◆ TASK BRIEF
Could you retype exactly the lines below between the one holding "Easy Mouzuo Cocktail" and the one holding "4、转小火不停地翻炒,这一步", inclusive, leaving out any pictures?

**** DATA LISTING

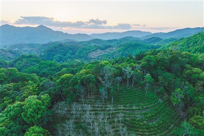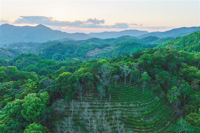 4月的五指山市水满乡毛纳村,春意盎然。山腰上的老茶树长出新叶,飘出阵阵清香。
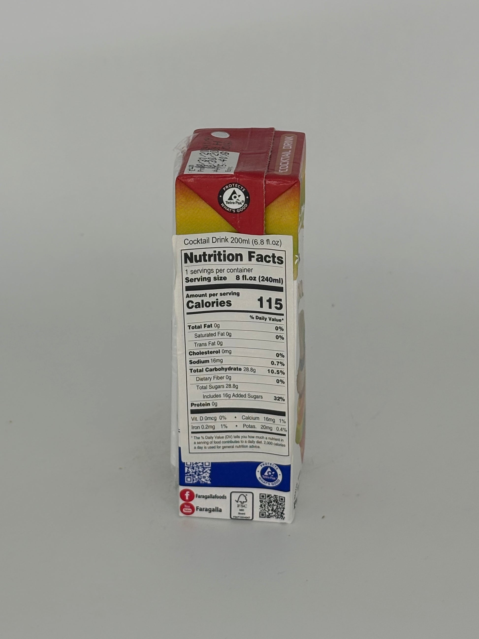 Easy Mouzuo Cocktail Drink in a small box delivers a blend of tropical fruit flavors. This refreshing beverage combines multiple fruits in a convenient single-serve format. Perfect for halal lunchboxes and on-the-go refreshment. A fruit cocktail juice box.
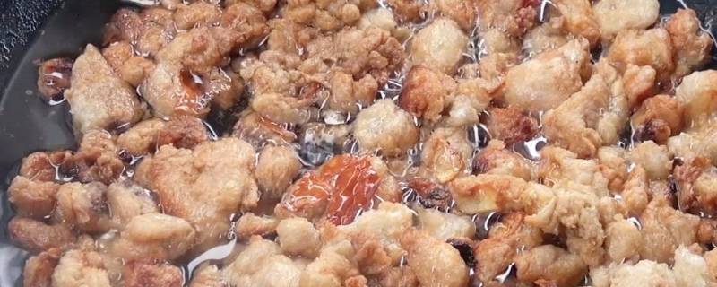 4、转小火不停地翻炒,这一步需要很有耐性,大约半小时后,肉缩水缩油后变成两面金黄的小块,就可关火(一定注意被油崩到,可以翻炒的时候拿锅盖挡着)。
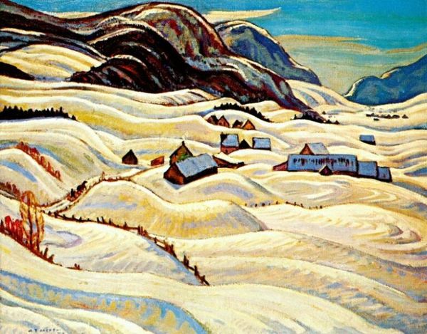 Curator: This oil painting before us, created by A.Y. Jackson in 1933, is entitled "Winter Morning, Charlevoix County." What are your initial impressions? Editor: Immediately, I’m struck by how much the light insists itself upon this scene, bathing the snow in what seems like a sunset hue. It feels almost like a theatrical set, very consciously composed, doesn't it? Curator: It’s interesting that you note the light first. Jackson, while working within the Group of Seven and their vision of a distinct Canadian landscape, always acknowledged his roots in European Impressionism, and the Fauvist color palette adopted here creates a dramatic mood. However, I find that such formal analysis neglects to analyze the role landscapes play in the narrative of colonization of indigenous territories. Editor: That's a salient point. How does that perspective inform your view of this particular canvas? The barrenness of it certainly invites thoughts of harsh environments, perhaps reinforcing ideas of the North as empty land. Curator: Absolutely. Think about what isn't represented here – the absence of Indigenous presence, even though Jackson painted prolifically in Indigenous territories. That silence resonates with the historical erasure and cultural genocide that these communities endured through Canadian policies. Jackson’s gaze itself becomes a tool of power, shaping a particular vision that can reinforce dominant ideologies. Editor: So you're suggesting we need to question whose landscape this is and what narratives it subtly perpetuates. While ostensibly a scene of natural beauty, we should be more sensitive to whose stories and struggles are intentionally left unseen in favor of portraying romantic notions. Curator: Precisely. Jackson's choices in subject matter, style, and composition construct a certain version of reality. By being conscious of the politics of representation, we engage in more equitable conversations about art history and its lasting effects on Canadian national identity. Editor: Thanks for making me look at the artwork through such an intersectional lens. It has greatly enriched my understanding of it! Curator: You're welcome. I'm grateful for your interpretation. The constant interplay between historical context and contemporary theory is essential when we view and discuss these types of artwork.
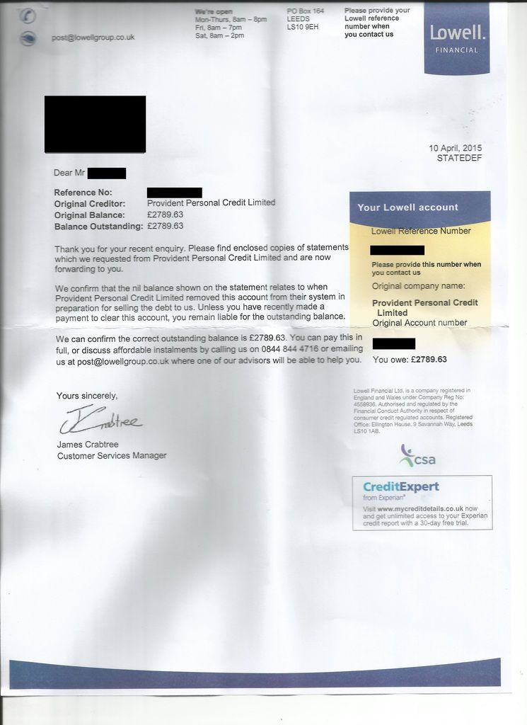 I've finally received a reply back from Lowell regarding my letter I sent off requesting proof of the outstanding debt. I have linked the scanned letter and statement they have sent me out. Any ideas where I go from here? They still haven't actually sent out anything signed or any documents showing the debt being sold to them by provident. The statement they have sent out doesn't show a breakdown of any payments made either, just the repayment terms and again doesn't show when the last payment made was.

********

◆ WRITTEN ANSWER
 Easy Mouzuo Cocktail Drink in a small box delivers a blend of tropical fruit flavors. This refreshing beverage combines multiple fruits in a convenient single-serve format. Perfect for halal lunchboxes and on-the-go refreshment. A fruit cocktail juice box.
 4、转小火不停地翻炒,这一步需要很有耐性,大约半小时后,肉缩水缩油后变成两面金黄的小块,就可关火(一定注意被油崩到,可以翻炒的时候拿锅盖挡着)。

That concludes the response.